Maharlika Livelihood Center is a shopping complex in Baguio, Philippines.

==History==

The center in 2018.

The Maharlika Livelihood Center stands on the former site of the Baguio Stone Market, which was gutted by a major fire in 1970 and was demolished in the mid-1970s. In 1972, the Baguio city council leased the property to MAR-BAY and Co., Inc., which was given the right to build and manage the Maharlika Livelihood Center for 25 years.

The center opened in 1982 under the auspices of First Lady Imelda Marcos as human settlements minister. The establishment is the first shopping mall and livelihood hub in Baguio. Nearby souvenir shops which were displaced by fire moved into the building.

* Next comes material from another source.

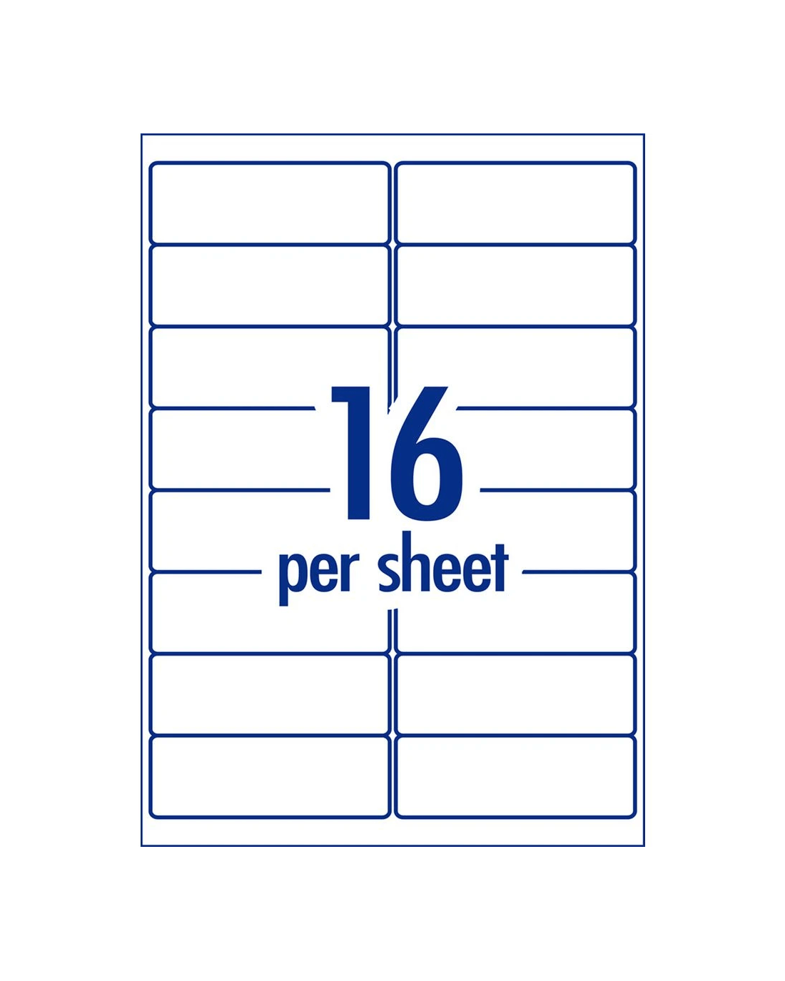 - There are 800 blank matt white labels in a pack of 16 labels per sheet in a size of 99.1 x 34mm and 16 sheets per pack.

In 1975, the Baguio city council extended the lease period of the Maharlika Livelihood Center to 50 years, with the lease set to expire on April 27, 2025. In 1980, the city council acknowledged the transfer of MAR-BAY's rights to the Maharlika Livelihood Complex to the Human Settlements Development Corporation (HSDC) including additional developments built by MAR-BAY in the property such as the MAR-BAY Baguio Plaza Hotel and MAR-BAY shopping center. The HSDC is an attached agency of the Department of Agriculture (DA). In 2009, President Gloria Macapagal Arroyo issued a directive to the DA to hand over the retail complex to the city government since it does not fulfill any agriculture-related function. However the retail center remained under HSDC by the end of Arroyo's presidency.

The Baguio city council allowed Mayor Benjamin Magalong in 2019 to start negotiations with the HSDC for the return of the Maharlika Livelihood Center to the city government ahead of the scheduled expiration of the lease deal in 2025.